Praise for The Ghost with Trembling Wings
"Part history, part adventure story (with Weidensaul starring as a kind of ecological-minded Indiana Jones, roaming the world in search of missing species) . . . By turns harrowing and elegiac, thrilling and informative. Weidensaul demonstrates his ability to both communicate the startling marvels of nature he has observed firsthand and to regale us with tales of scientific derring-do plucked from the annals of natural history."
Michiko Kakutani, New York Times
"Scott Weidensaul ranks among an elite group of writer-naturalists -- Bruce Chatwin, John McPhee and David Quammen come to mind -- whose straightforward eloquence elevates ecology to the level of philosophy . . [the book] is vividly eclectic but somehow always unified . . . Weidensaul comes across as the kind of guy you wish you'd had as a professor in college: expert, eloquent, unpretentious and infectiously excited about his material."

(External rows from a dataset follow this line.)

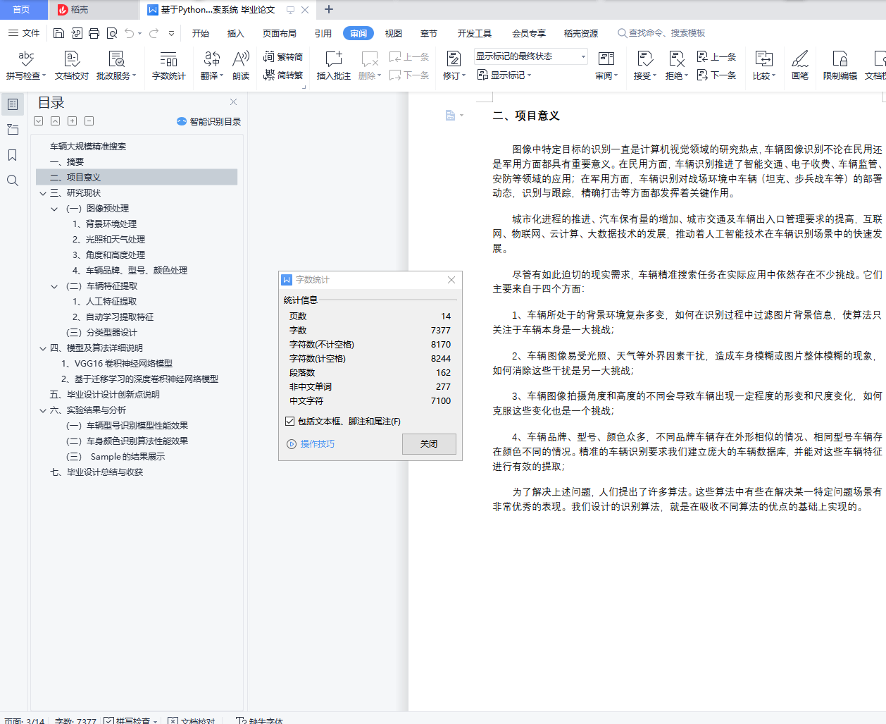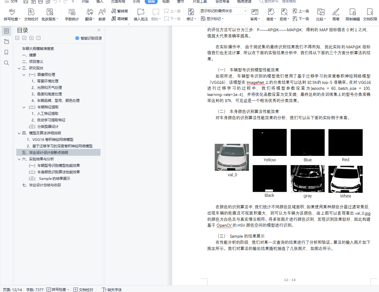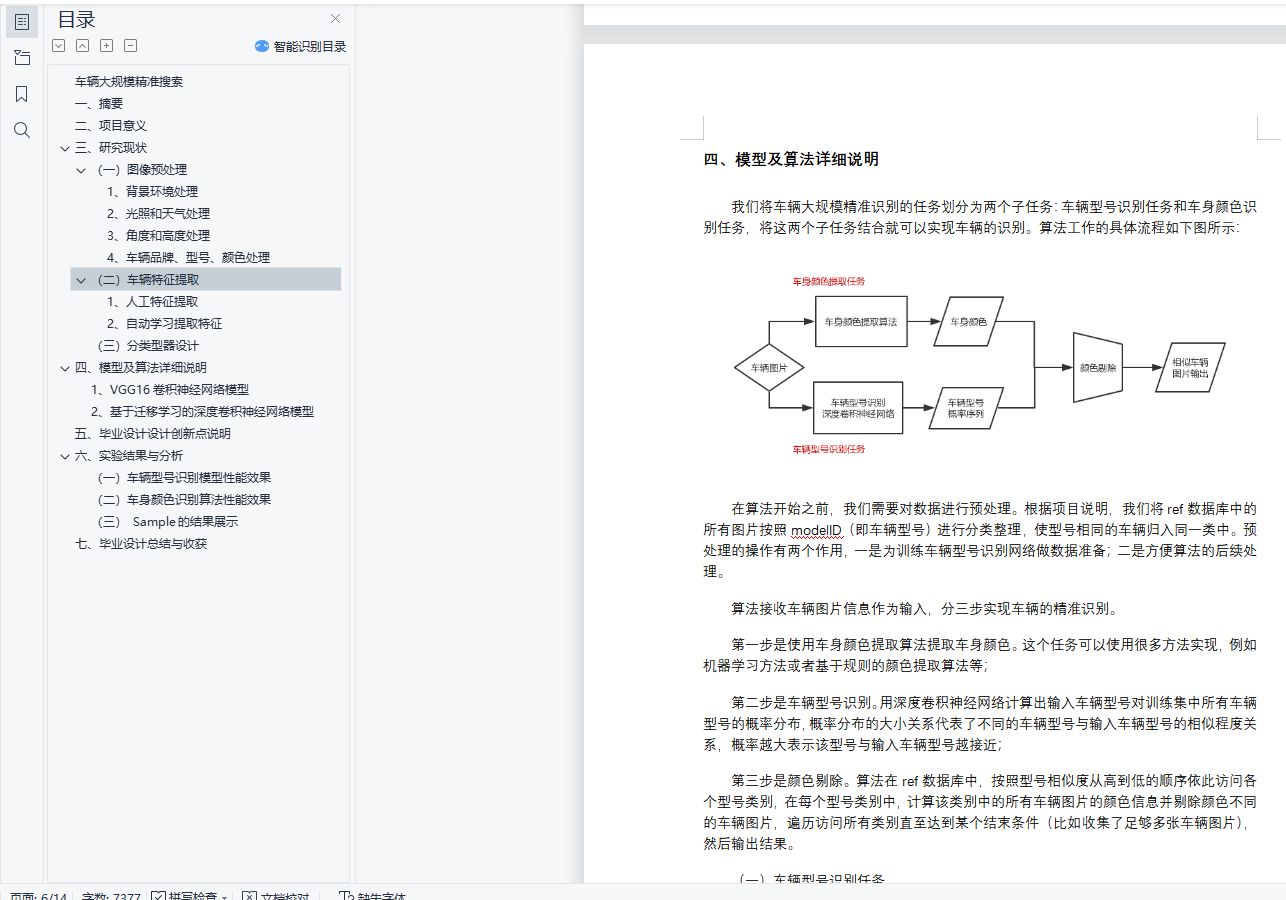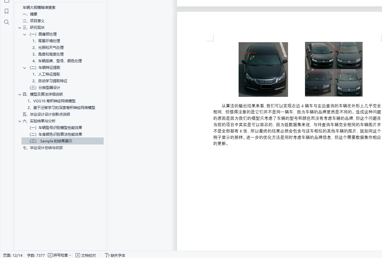 车辆大规模精准搜索目录车辆大规模精准搜索项目报告 1一、摘要 1二、项目意义 2三、研究现状 3(一)图像预处理 31、背景环境处理 32、光照和天气处理 33、角度和高度处理 34、车辆品牌、型号、颜色处理 4(二)车辆特征提取 41、人工特征提取 42、自动学习提取特征 4(三)分类型器设计 4四、模型及算法详细说明 61、 VGG16卷积神经网络模型 72、 基于迁移学习的深度卷积神经网络模型 7五、毕业设计设计创新点说明 10六、实验结果与分析 11(一) 车辆型号识别模型性能效果 11(二) 车身颜色识别算法性能效果 11(三) Sample的结果展示 11七、毕业设计总结与收获 13一、摘要车辆大规模精准搜索(以下简称车辆检索)在实际应用中具有非常重要的意义。与其他对象检索任务类似,车辆检索任务可以定义为:给定两部分图片数据ref(车辆图片数据库)和query(测试车辆图片),目标是对query中每张测试图片在ref中找出所有属于相同车辆的图片。在毕业设计项目中,我们的任务是对query中每张测试图片在ref中找出所有属于相同车辆的图片并排在查找结果的前面,采用MAP@K方法对算法结果进行评测。我们将车辆大规模精准搜索的任务划分为车辆型号(model)识别任务和车身颜色识别任务这两个子任务。在车辆型号识别任务中,我们使用了基于迁移学习的深度卷积神经网络模型算法来判断车辆型号。使用的深度卷积神经网络模型包括VGG16、Inception_V3和ResNet50等,将这些模型进行迁移学习,能使其在训练集上达到97%的型号正确分类效果;车身颜色识别任务使用了基于OpenCV的HSV颜色识别算法。将两个子任务结合就可以实现车辆精准识别的任务,我们的算法在测试集上达到非常优异的识别效果。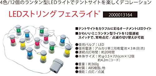 Studio : Coleman (Coleman) Publisher : Coleman (Coleman) Binding : Sports Product Description Size: Light / diameter of about 3.5 ~ 12 pieces height 7cm ~, code length / about 4.2m Weight: about 360g Material: ABS resin, other Power source: AA batteries ~ 3 (not included) Continuous lighting time: about 20 hours The set includes: 12 lantern-type light (Globe color / yellow, pink, green, blue four each) Switch: ON, OFF, flashing Use valve: LED > More 0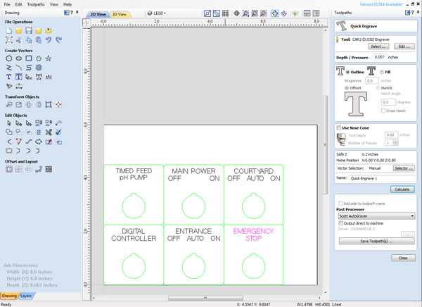 Use our uniquely created engraving software to lay out your text, graphics and symbols. Text can be wrapped around a circle, to coordinate with controls that rotate. There's a library of templates for all our legend plates. Dozens of fonts, as well as custom icons, are included in our software, too.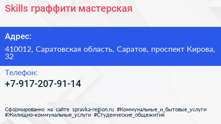 Skills, граффити-мастерская по адресу 410012, Саратовская область, Саратов, проспект Кирова, 32 в дальнейшем Организация, размещена в следующих категориях: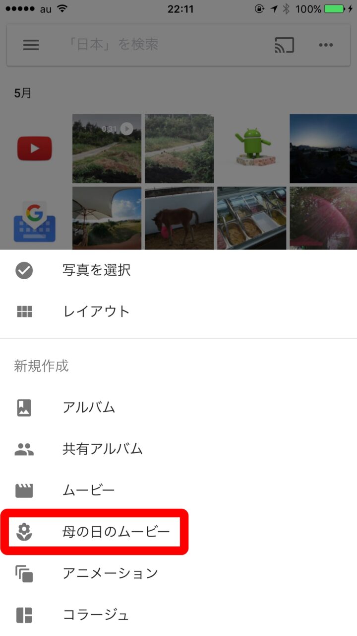Android と iPhone(iOS)版の「Google フォト」アプリは 2017 年 4 月末のアップデートで、5 月の母の日に向けたムービー作成機能 “母の日のムービー” が追加され利用できるようになりました。この機能は「Google フォト」のアシスタント機能を応用した自動ムービー作成機能です。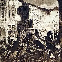 This eventually led to gunfire. Exactly what provoked the shooting remains unclear, but the most common explanation is that a drunkard stumbled into the path of Lyon's marching soldiers and fired a pistol into their ranks, fatally wounding Captain Constantin Blandowski of the 3rd Missouri Volunteer Infantry.[a] The Volunteers, in reaction, fired over the heads of the crowd, and then into the crowd. Some 28 civilians were killed, including women and children; more than 75 were wounded.[7]
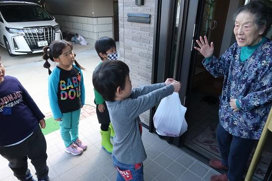 大きな声でださないでね。感染症対策をしてのおやつです。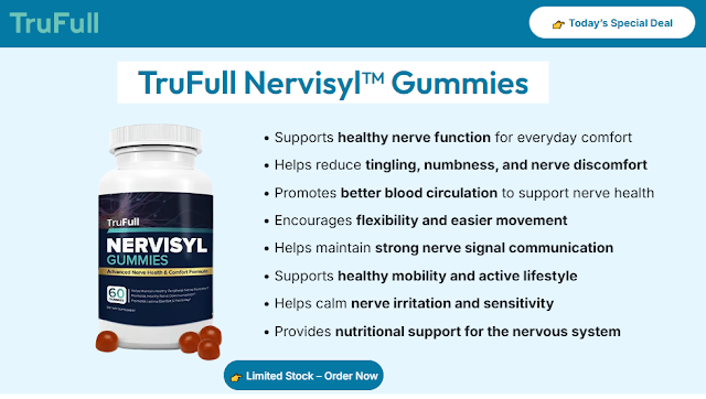 TruFull Nervisyl Gummies provide a convenient and natural way to support nerve health. With a blend of essential nutrients and plant-based compounds, they aim to reduce discomfort, improve mobility, and promote overall nervous system wellness. However, results can vary, and they should be used as part of a healthy lifestyle rather than a replacement for medical treatment.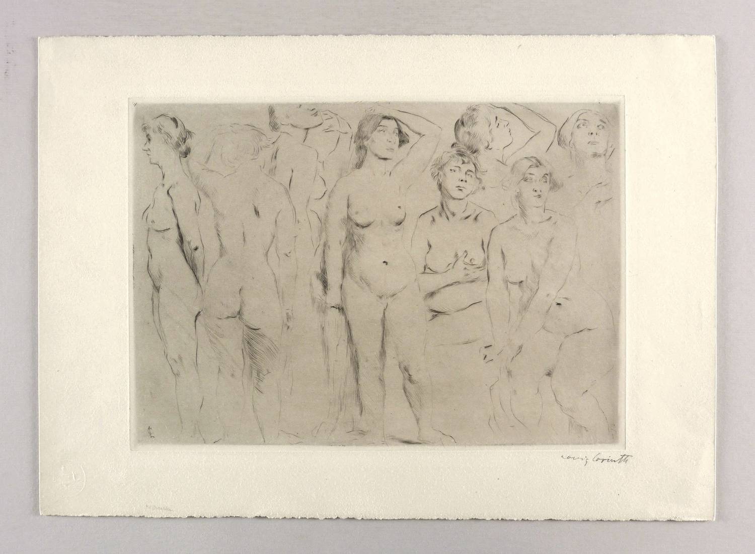1910. Radierung / Kaltnadel, in Schwarz, mit Plattenton, auf weichem chamois Velin. – Originale Künstlergrafik, von Lovis Corinth. – Auflage 40 Exemplare. – 25,0 x 35,0 cm (Platte), 34 x 48 cm (Blatt), 34,2 x 24,2 cm (Darstellung / Druckbild).
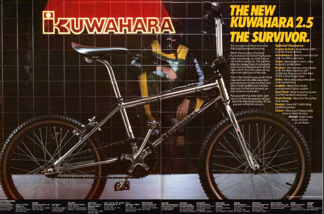 KZ-1 The KZ-1 was built with a lightweight and tough Cro-Moly frame and fork with components from SunTour, Dia-Compe, Ukai and Taihei. The KZ-1 and KZ-2 frame and fork were the same with the exception of a few small components (Crank, pedals and stem) The ET model was different that the KZ-1 and KZ-2. (ET model used a loop tail with the KZ double gussets) Components Frame and Fork: Cro-Moly Bars: Redline V-bar Grips: OGK Stem: SunTour Wheels: Ukai Hubs: SunTour (Large flange open bearings) Crank: SunTour V/X crank 170mm Pedals: KKT Lightning alloy pedals (KKT FMX) Seat: Taihei Elina Nylon seat Seat post: Fluted Alloy (Nagaoka) Seat clamp: SunTour Brakes: Dia-Compe MX1000. FIRST DIGIT: K represents a KZ Kuwahara BMX. Early frames are stamped with a T mark for Tange. Above example shows letter K for Kuwahara KZ SECOND DIGIT: This is a number and not a letter.
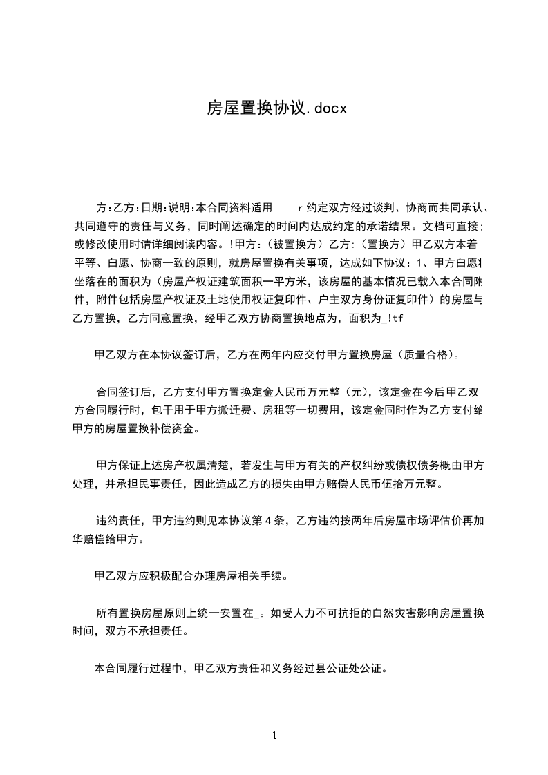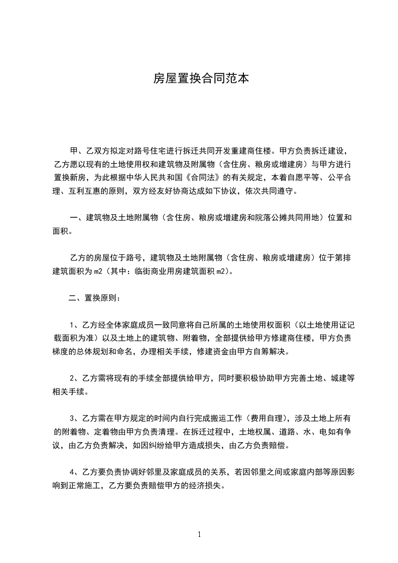 1、甲方的新建楼建成竣工后____日内给乙方置换面向xxx路的商业用房一套,层m2,住宅用房一套m2(各含公摊面积)。
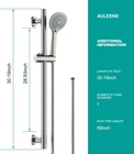 Store New Arrivals Add to Favorite View Feedback Contact Shower Slide Bar Handheld Shower Head with Hose, 5-Function Hand Shower with Wall Mount,Shower Slide Bar,Adjustable Height Shower Head (A-Round, Brushed Nickel) Description Item model number Retro Shower Slide Bar Part Number BNW0018 Style A-round Finish Polished Mounting Type Wall Mount Color Brushed Nickel Material Stainless Steel Country of Origin China Batteries Required? No Number of Handles 1 Item Weight 3.69 pounds Handle Material Stainless Steel Batteries Included? No Shape roundness Installation Method Wall Mounted Finish Type Polished Product Dimensions 27.5 x 5.9 x 5 inches Included Components Shower hose [Flexible Installation] AULEEND slide bar features two adjustable brackets, allowing for easy alignment with existing drill holes or attachment to the grout line without damaging tiles. The adjustable distance range between the two brackets can meet the majority of needs. Please note that the slide bar is not a one-piece structure and requires assembly. [Adjustable Bracket] The adjustable shower bracket allows you to adjust the height and angle of the handheld shower head after installation. This feature is convenient for kids and adults, washing pets, and even showering while seated, providing the perfect shower experience for every family member. [Rustproof and Safe] The slide bar and two brackets are constructed of SUS304 premium grade stainless steel, providing protection against corrosion and rust, ensuring durability and longevity. Stainless steel is durable and easy to clean, making it an ideal choice for the Secure Mount design. [Package Included] The package includes a 5-function handheld showerhead, a 59" (150cm) double interlock spiral hose, sliding bar, a shower holder, a hardware pack, and a detailed installation guide. It is designed for wall mounting installation. Product Description ABOUT US We offer the best prices around on high quality products. Our E-store includes media such as books, movies, music and games while offering electronics, toys, sporting apparel, clothing, tools, general home, garden items and more. SHIPPING We are always working hard to ensure your package arrives as soon as possible. Please understand that some factors like weather, high postal traffic, and the performance of shipping companies are outside of our control. We offer free shipping to the lower 48 states and ship within 2 business days of payment, usually sooner. We do not accept P.O. Boxes. Please provide a physical address. For shipping outside of the continental USA, we only use eBay's Global Shipping Program.The item is shipped to KY and then sent to the rest of the world. International customers are responsible for all duties and taxes. Continue to check out in order to calculate costs for shipping the item to your country. Messages regarding eBay's Global Shipping Program MUST be directed at eBay EXCLUSIVELY. RETURNS We offer a 30-Day Return Policy on items which you are not completely satisfied with. You have the option for a full-refund or an exchange of the item. No returns are available on items shipped outside of the USA. PAYMENT We accept PayPal. CONTACT US This page content is yet to come Please ad us to your favorite seller and visit again later Thank You CUSTOMER SATISFACTION We try our very best to make sure every customer is completely satisfied. If there's a problem, message us! We're happy to help. WE ACCEPT Copyright © 2021 AutoDS. | All Rights Reserved

Janice P. Nimura, Los Angeles Times
"A splendid collage of tales involving hard-headed persistence, persistent hard-headedness, foolhardiness and sheer derring-do, often in the face of conditions -- bad records and bad roads, civil unrest and uncivil swarms of insects -- that would keep sane people at home."
Janet Lembke, Raleigh News & Observer
"[Weidensaul's] voice and style are reminiscent of Loren Eisley, with a passion for adventure akin to Indiana Jones. On one level, Ghost is a scientific travelogue, taking readers to new corners of the world . . . Moreover, it is an 11th-hour exploration of the human species' conflicting desires for wild places and wild animals, and for taming nature . . . Loaded with intriguing science, admonishment, despair, and a glimmer of hope and giddy obsession."
Steve Kennedy, Bloomsbury Review
"A virtuoso presentation that can be dizzying, even exhausting, yet in this it reflects the wild world as Weidensaul found it."